How to hot swap hardware that do not support hot swap?

I have an I/O board with some hardware attached to it. The problem with this hardware is that if the attached hardware intermittently loses power and comes back again, the whole system needs to be rebooted in order for the host system to recognize it again. It is a Linux system by the way.

Is there a way to reinitialize the hardware without rebooting the entire system? Can I just not restart some systemd daemon, use some kind of interface to send an FLR signal to the PCIe slot of the hardware or simply use power states D4-D0-D4 to cut the power to the PCIe slot in order to trig a reset and restart the driver? How can one administrate such things in a Linux environment? Does anyone know?

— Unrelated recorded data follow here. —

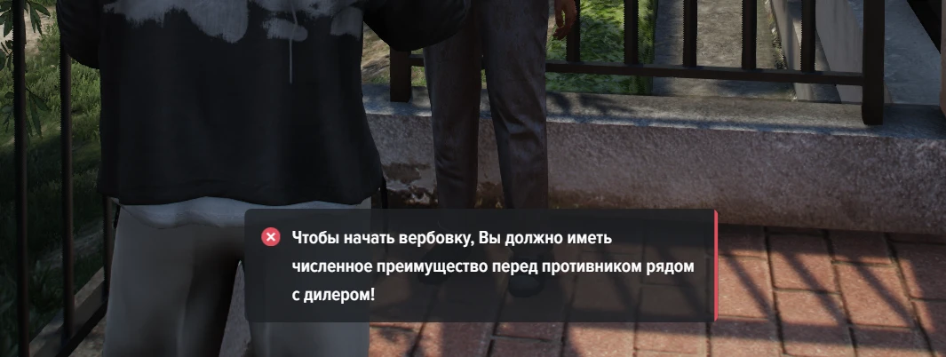 Для начала вербовки важно иметь численное преимущество перед противником рядом с диллером. В случае, если противников рядом нет, будет достаточно одного человека. Необходимо нацелиться на NPC огнестрельным оружием, после чего появится шкала вербовки.
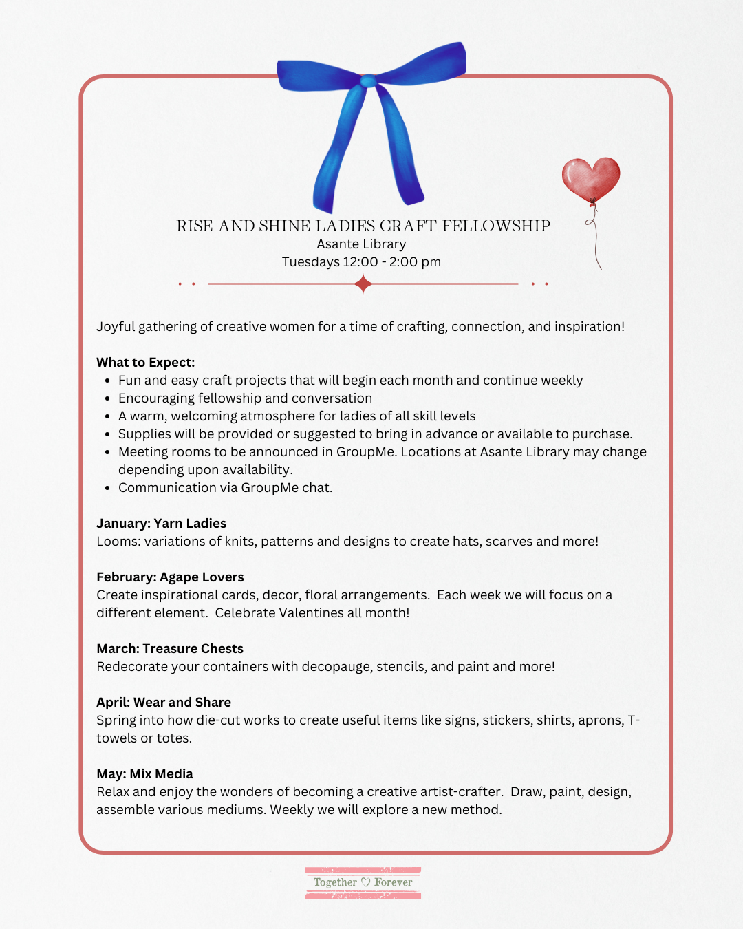 Craft Ladies Fellowship 2026 Agenda
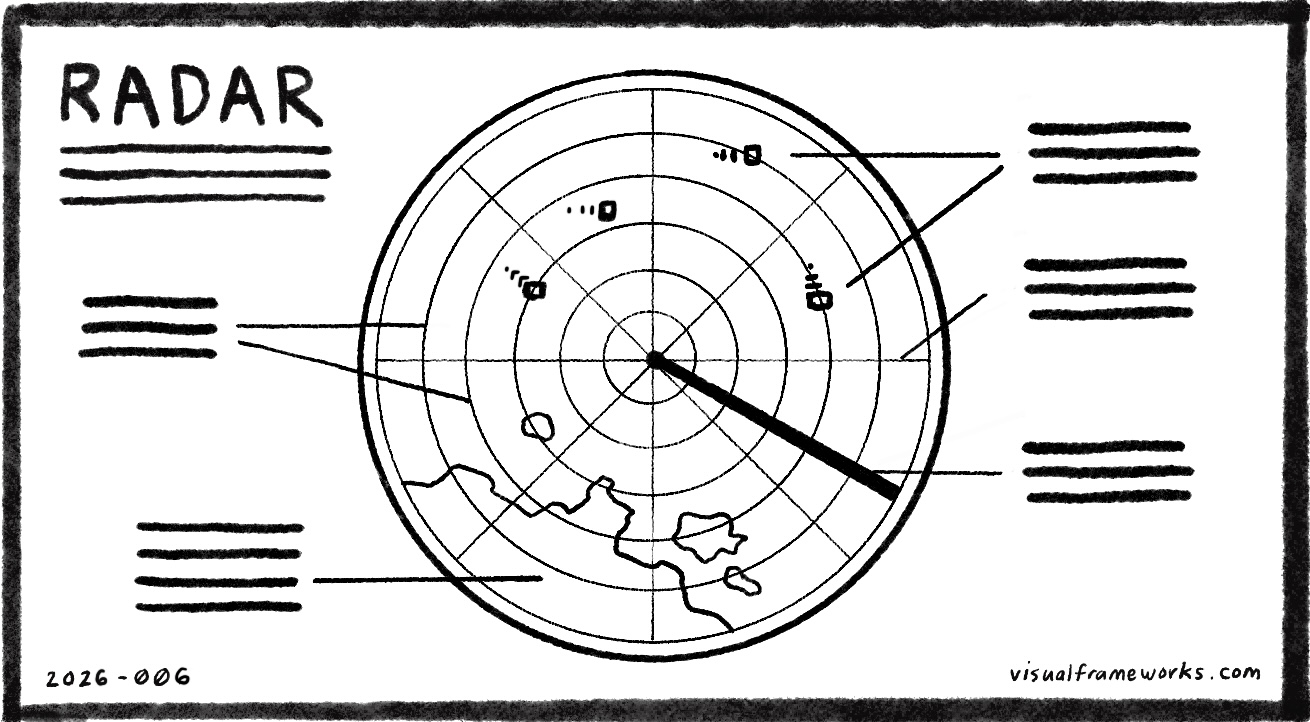 A radar sends out pulses of radio energy and listens for what comes back. The rotating sweep of the radar display paints a picture of the surrounding space: what’s near, what’s distant, what’s moving, what’s closing in. Nothing on the screen is certain. Radar shows echoes, not objects. But it gives you a sense of what’s around you before it comes into view.
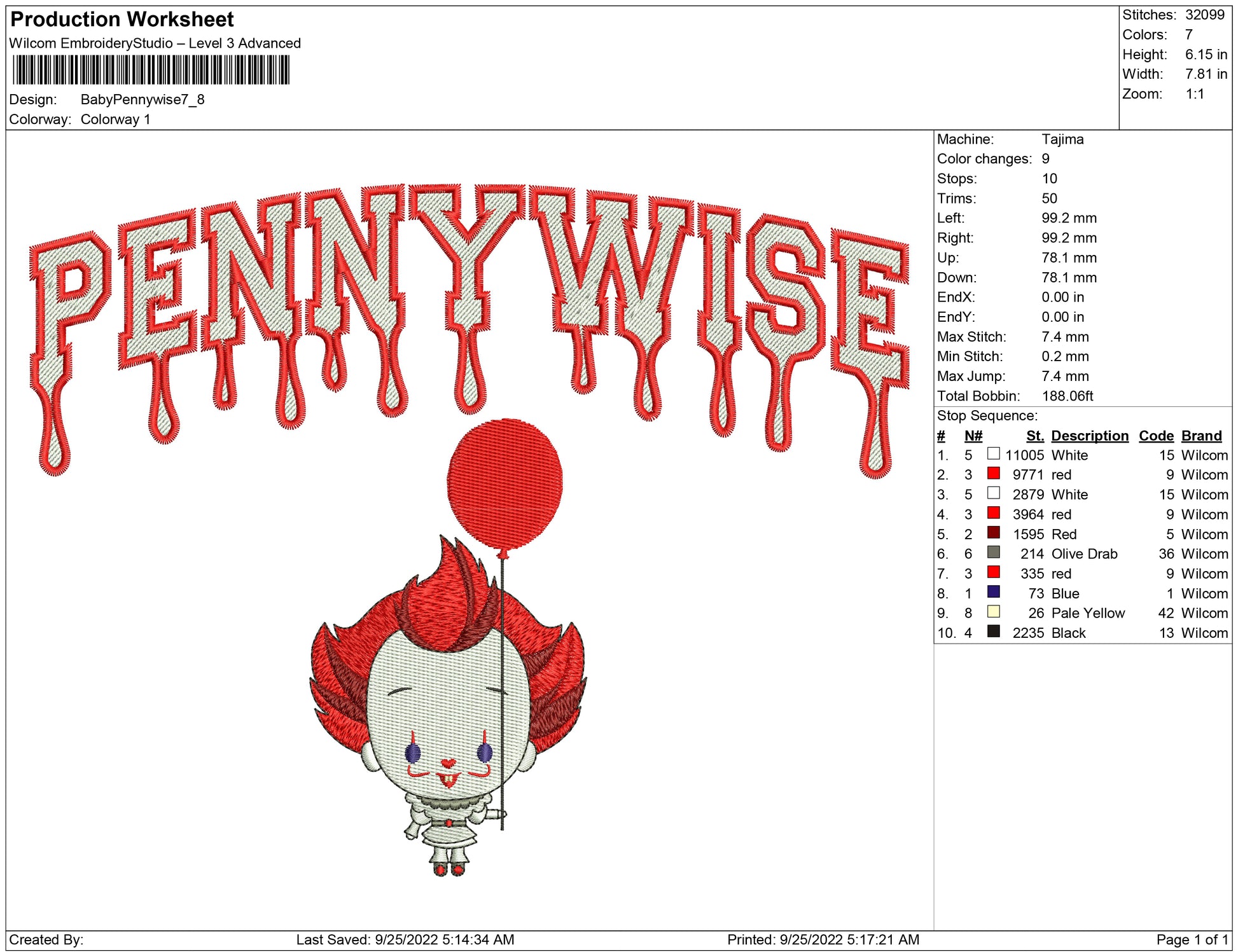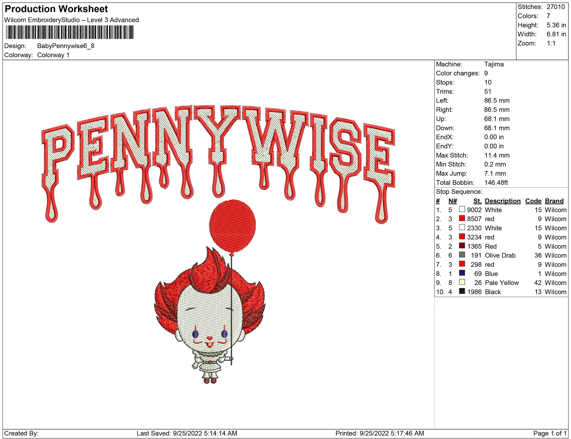Baby Pennywise embroidery design
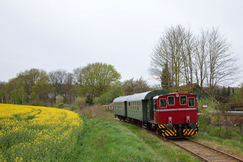 | Gemächlich kurbelte die 23041 mit ihrem Zügle an einem Rapsfeld vorüber. Scharnebeck, 29. April 2012 |
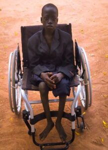 MONDAY THURUBIL RAMADAN,in his wheel chair after PSS session with a Case Worker in RUMBEK
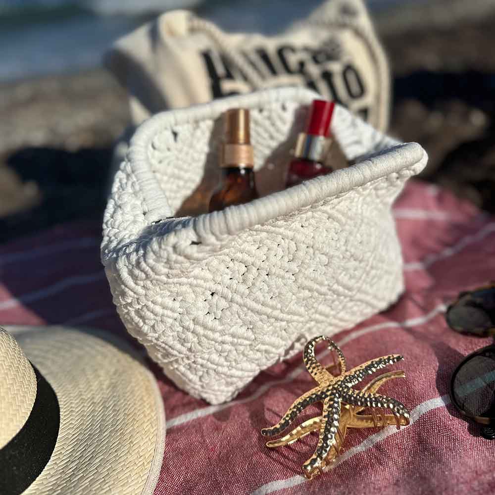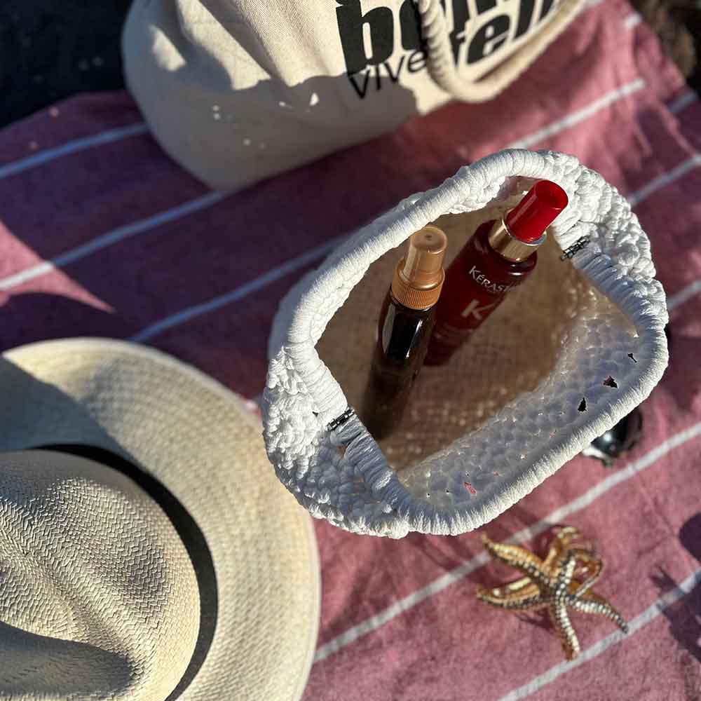 Diseñado para disfrutar del proceso y del resultado. Perfecto para guardar lo esencial en la playa o llevar como bolso de mano en una noche de verano.
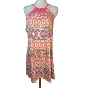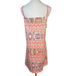 This sleeveless dress features a vibrant geometric print in a combination of pink and yellow hues. Crafted from a comfortable polyester and spandex blend, it offers a flattering fit with its stretchy fabric. Ideal for warm weather, this dress is an eye-catching addition to any wardrobe.
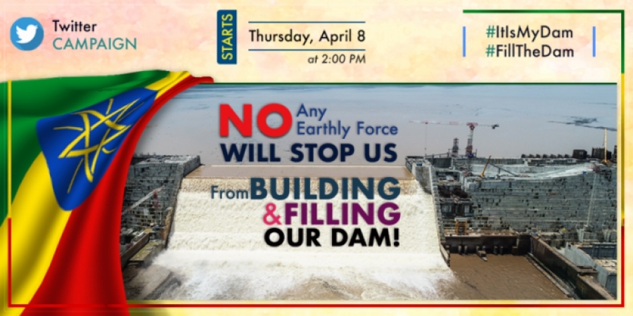 أعلنت وكالة الأنباء الإثيوبية إطلاق حملة عالمية على تويتر لدعم سد النهضة الإثيوبي تحت شعار: “لن تمنعنا أي قوة في الأرض من بناء سدنا وملئه!”.
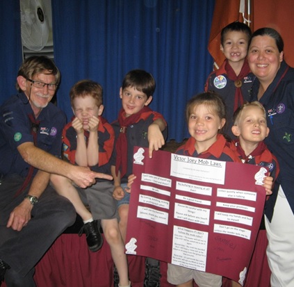 First up, Wolf showed the mob some puppetry techniques and then they all had a go at being the puppeteer. Amazing what stories Joey imaginations can produce! Next they learnt about Baden-Powell and the story behind the traditional Scout song – ‘Ging Gang Goolie’. Each Joey learnt the song, created their own Great Grey Ghost Elephant mask and warrior headband. They all took part in acting out the story of the Ginga Ganga (village leader) and Heyla Shey (medicine man) triumphing over the Great Grey Ghost Elephant (Wolf). For those parents who haven’t already heard the song a million times, here are the lyrics:
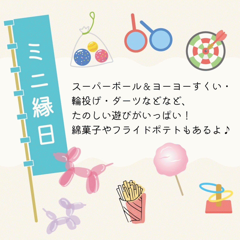 ・ミニ縁日 (ヨーヨーすくい、輪投げ、ダーツ、フライドポテト、綿菓子など)
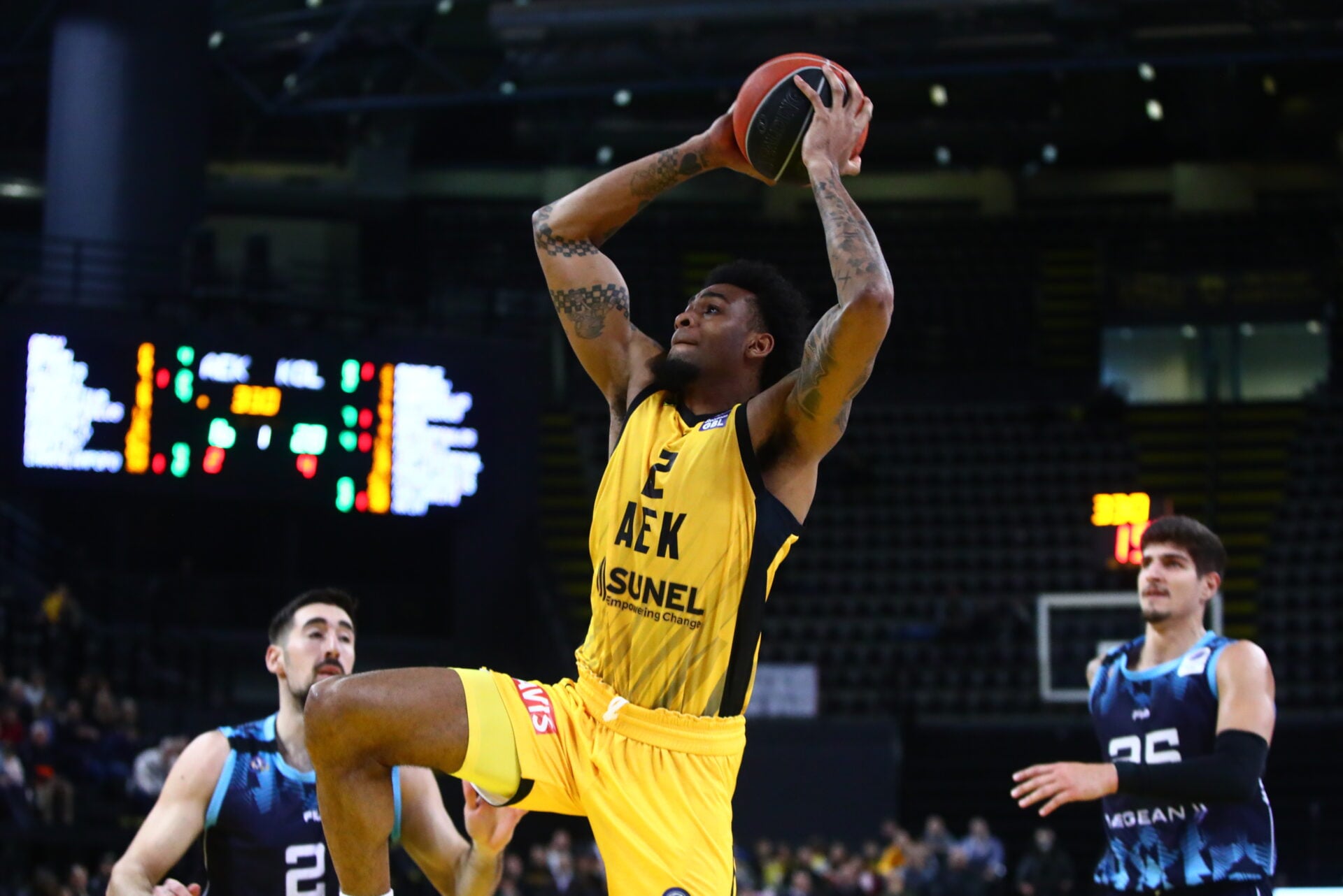 Η ΑΕΚ αισθάνθηκε για τελευταία φορά την… απειλή του Κολοσσού στο 34΄ (76-75). Κάπου εκεί με τρίποντα κι αιφνιδιασμούς με επιμέρους σκορ 15-2 έφθασαν την διαφορά στους 14 πόντους (91-77 στο 37’).

I see that there are commands such as rmmod and modprobe that can be used to unload and reload the driver but I'm not sure whether it will properly reset the underlying hardware.

I also found this method although I don't know whether it is up to date in 2024:

 
Last edited:

Paladin

Ars Legatus Legionis
32,552
Subscriptor
You can also damage the device while removing/installing it. the PCIe connector is not meant for hot swap so you can have arc issues or shorting if you are not very careful to remove it very precisely.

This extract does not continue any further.